Your instructions. The answer must be an exact reprint of the lines from the one with "タッチすると色が変わる16枚のパネルを一色に揃えるパズルゲームです。" through the final line of the data, with no pictures included.

____

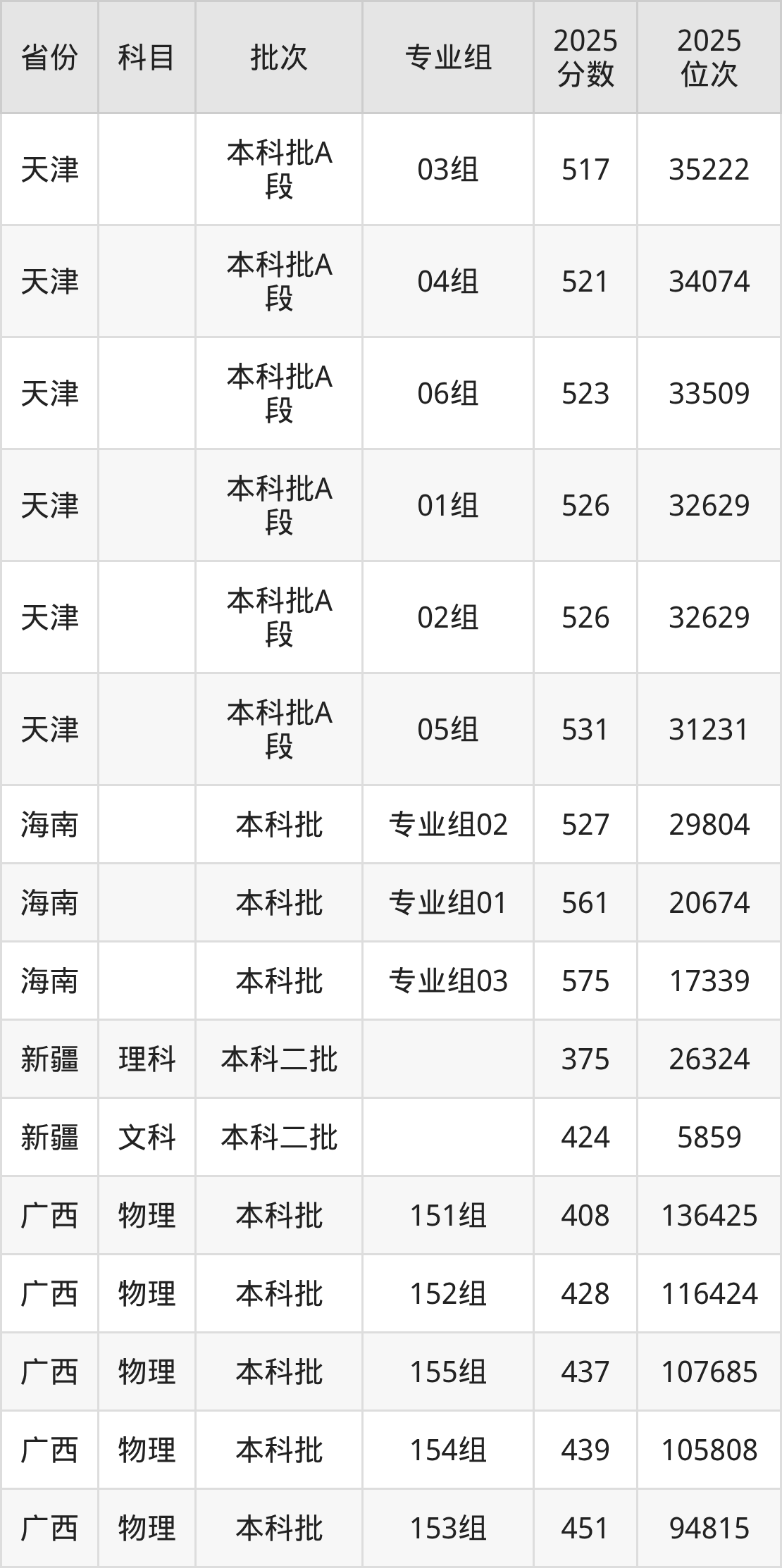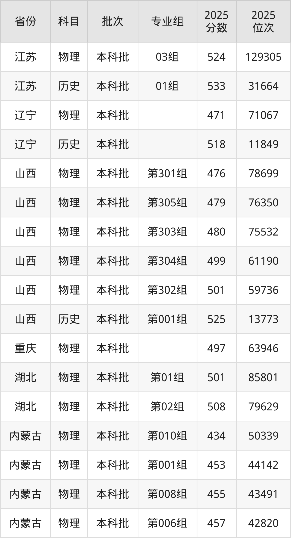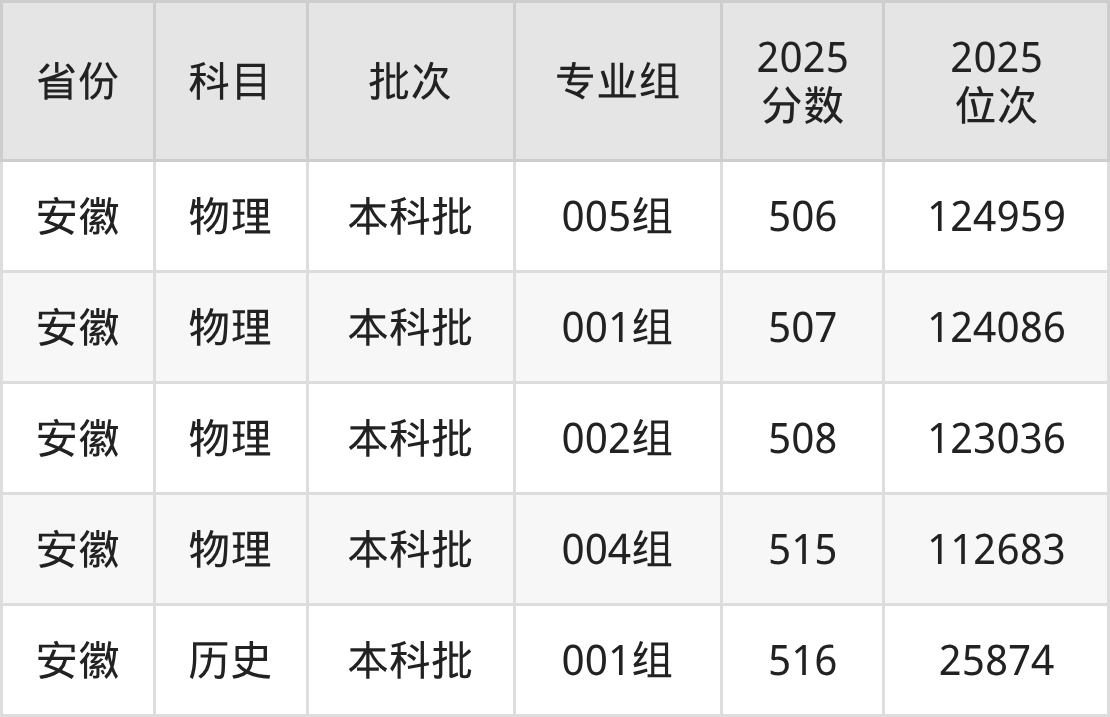 2025年在本科物理类进行招生,各专业组分数线详情如下:
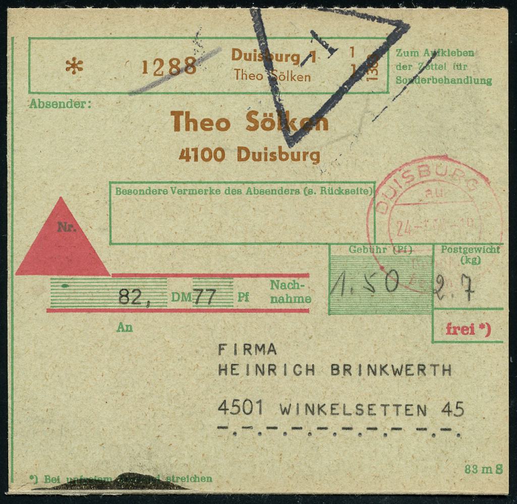 6924 | 16 € | 4100 Duisburg Absender-Freistempel : DUISBURG 1/ au/ Gebühr/ bezahlt 1964 (24.1.) roter 1K-Segm.-Paketfreistempel (Handstpl. o. PLZ) auf grüner Inl.-Selbstbucher-NN-Postgut-Paketkt.: 4100 Duisburg/Theo Sölken (Dürst-Eich unbekannte Type) | ![]() | |
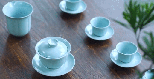 这样一只非遗工艺的汝瓷葵口盖碗,单独买要568一套(带礼盒)
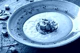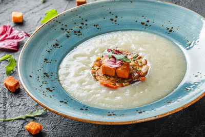 Cream soup of celery with tartare from baked vegetables decorated from croutons and arugula in plate on dark stone background. Top view, Flat lay. Vegetarian food
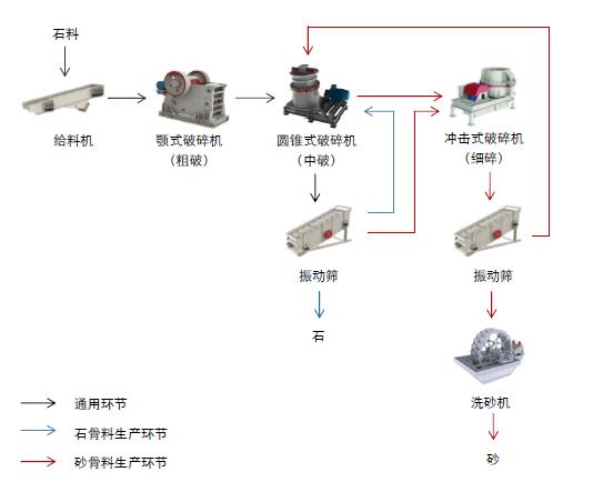 筛分设备是利用振动、旋转等动作,起到物料分选、分级、脱泥、脱水等作用的设备。随着工业生产的发展和技术水平的进步,筛分设备的创新主要围绕筛分效果的提升和使用寿命的延长,其他筛分设备如滚轴筛、摆动筛等已经逐步退出市场竞争。目前我国矿山常用的筛分设备包括圆振动筛、直线振动筛等。在砂石骨料生产过程中,破碎、筛分设备的应用情况如下图所示:
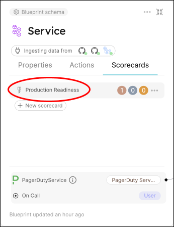 1. Go to your Builder, choose the Service blueprint, click on Scorecards, then click our existing Production readiness scorecard:
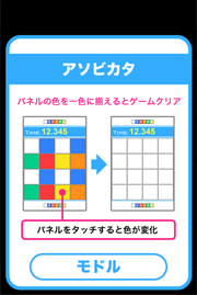 タッチすると色が変わる16枚のパネルを一色に揃えるパズルゲームです。
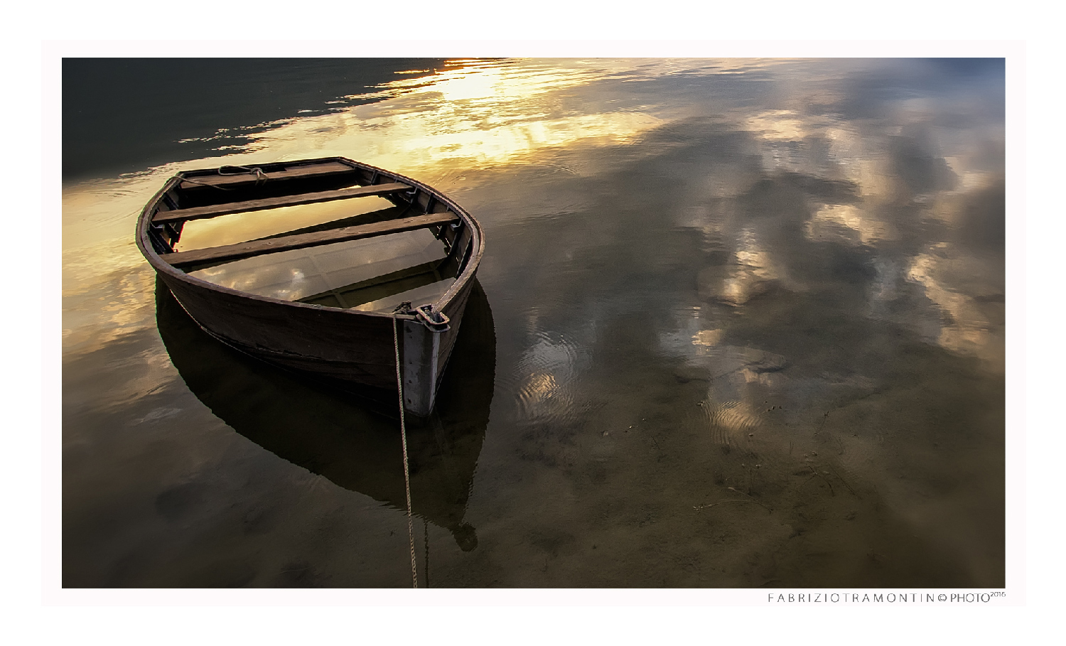 La piccola lancia oramai più che galleggiare penso posi sul fondo!Immagine molto suggestiva che trasmette un senso di serenità e calma.Bellissima la luce che continua a riflettersi anche all'interno della barca,ottimi i colori.
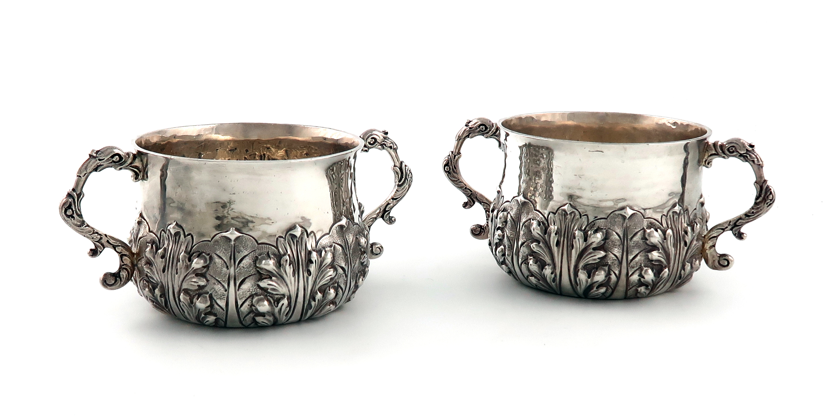 circular form, embossed acanthus leaf decoration, mythical dolphin head scroll handles, height 6.7cm, approx. weight 14oz. (2)
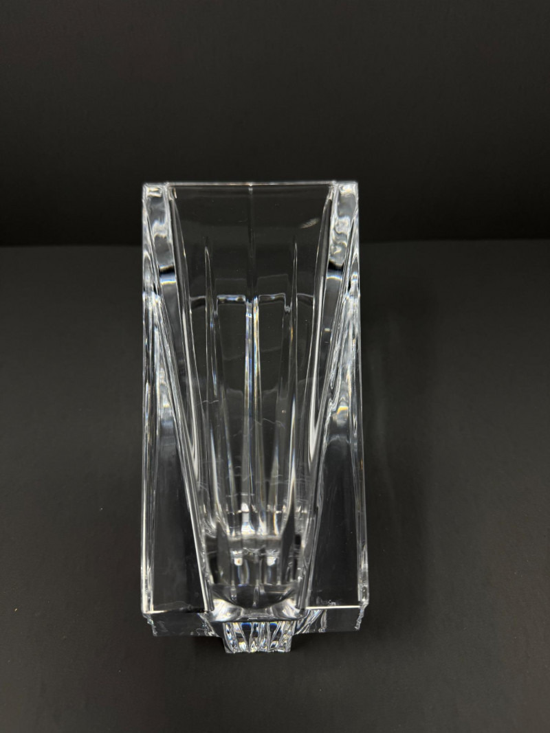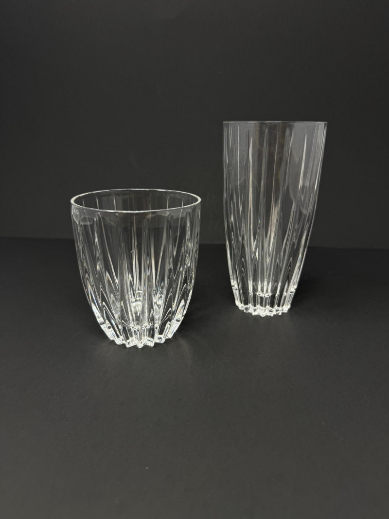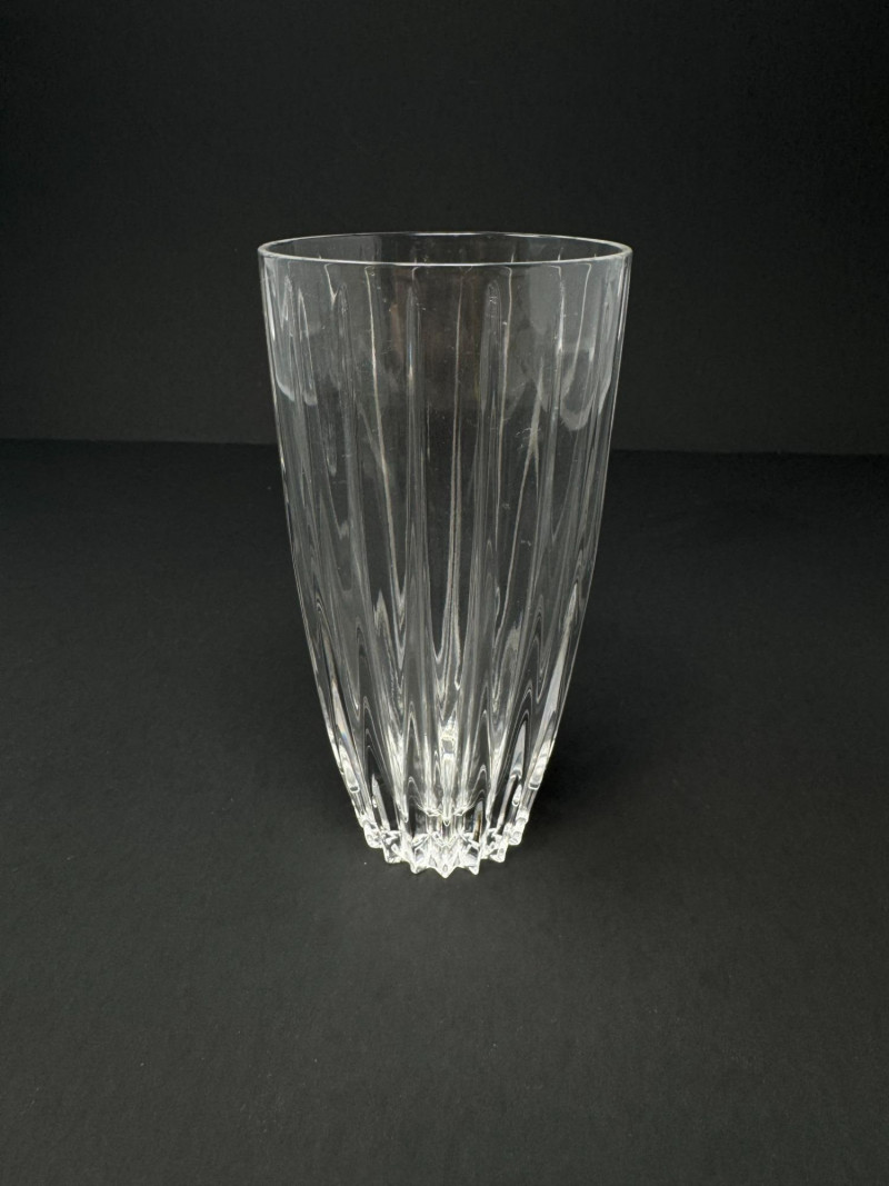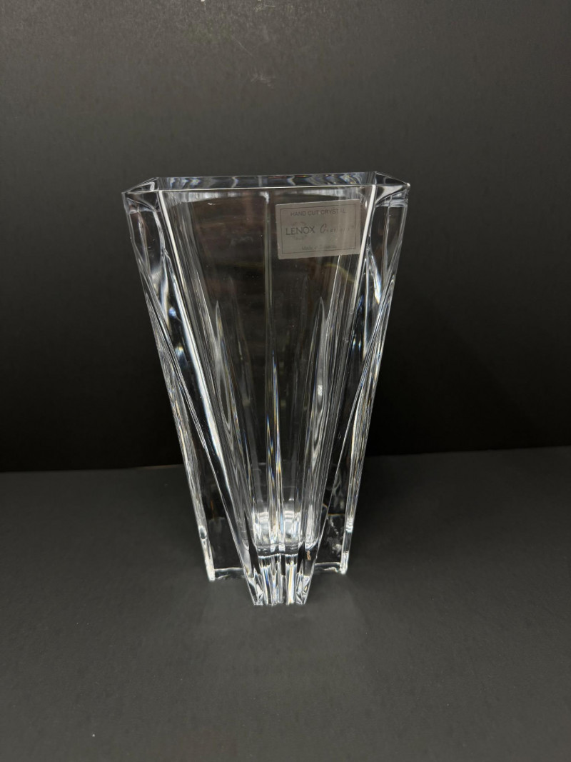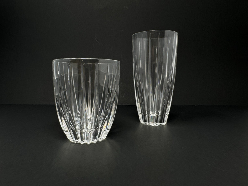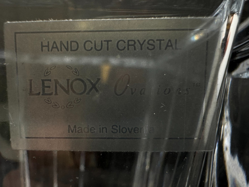 Lenox Ovations Crystal Vase & 2 Mikasa Park Lane Style Glasses. Lenox Ovations hand cut crystal vase, made in Slovenia. Approx 4 1/4" x 8" Chip noted on rim (see photos) 2 Mikasa Park Lane Style crystal glasses One approx 3 1/3" x 3 3/4" One approx 2 3/4" x 5 1/2"

____

Exercise answer.
 タッチすると色が変わる16枚のパネルを一色に揃えるパズルゲームです。
 La piccola lancia oramai più che galleggiare penso posi sul fondo!Immagine molto suggestiva che trasmette un senso di serenità e calma.Bellissima la luce che continua a riflettersi anche all'interno della barca,ottimi i colori.
 circular form, embossed acanthus leaf decoration, mythical dolphin head scroll handles, height 6.7cm, approx. weight 14oz. (2)
 Lenox Ovations Crystal Vase & 2 Mikasa Park Lane Style Glasses. Lenox Ovations hand cut crystal vase, made in Slovenia. Approx 4 1/4" x 8" Chip noted on rim (see photos) 2 Mikasa Park Lane Style crystal glasses One approx 3 1/3" x 3 3/4" One approx 2 3/4" x 5 1/2"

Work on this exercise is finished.